# sudden water pressure problem



## gswartz (Apr 24, 2011)

We bought our current house a year ago and upon moving in had a problem with our pressure tank, having to replace it.  The other night I was taking a shower and in the middle of the shower I lost all pressure.  This has happened a couple of times since then.  I talked to the guy who replaced our pressure tank and he said it sounded like our well pump was going bad.  

I then went up to take a shower this evening and while the hot water was running, I turned on the hot water in an adjacent tub in the same bathroom and lost most of the pressure in the shower.  As soon as I turned it off the pressure came back on.  I then tried turning on the cold water in the shower and also in the bath tub.  When I did this I had absolutely NO water in the shower.  Again, turning off the tub restored the water to the shower.  

In my kids bathroom which is right next to mine (on the 2nd floor), if I turn on the shower and then turn on their sink, the shower does lose pressure but not as significantly as our bathroom.  Of course, we're comparing a sink's output in my kids bath to the bathtub in our bath.  

A few months ago I put a water softener in and have not had any problems until a few days ago so I don't know if it's related to that or not.  I've turned on the bypass switch on the softener and haven't noticed any difference.  The guy who did our pressure tank now says it doesn't sound like the well pump after all but like we have a blockage somewhere in our plumbing. 

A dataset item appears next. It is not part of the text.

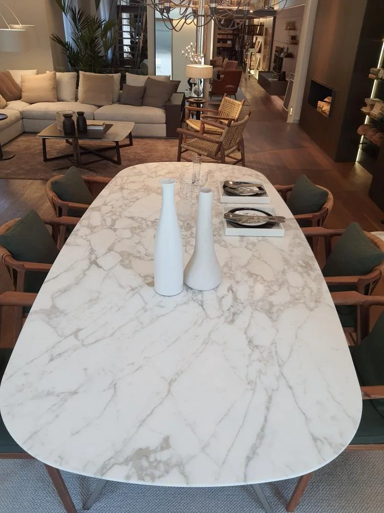 Tavolo con struttura in metallo satinato, piano in marmo Calacatta oro opaco

So, what are your thoughts on this?  And, if it's a blockage, how can I tell where it is and get rid of it?  Thanks!


----------



## gswartz (Apr 25, 2011)

One other thing I just thought I should mention is that when I lost pressure for the first time I then turned on the faucet in the bathroom and I had a lot of sediment come out.  That makes me wonder if in fact my well pump just pumped up some water with a big blob of sediment in it that 's causing enough of a blockage to affect the pressure when there are multiple faucets on?  But again, if there is a blockage somewhere, how do I find and remove it?


----------



## Speedbump (Apr 25, 2011)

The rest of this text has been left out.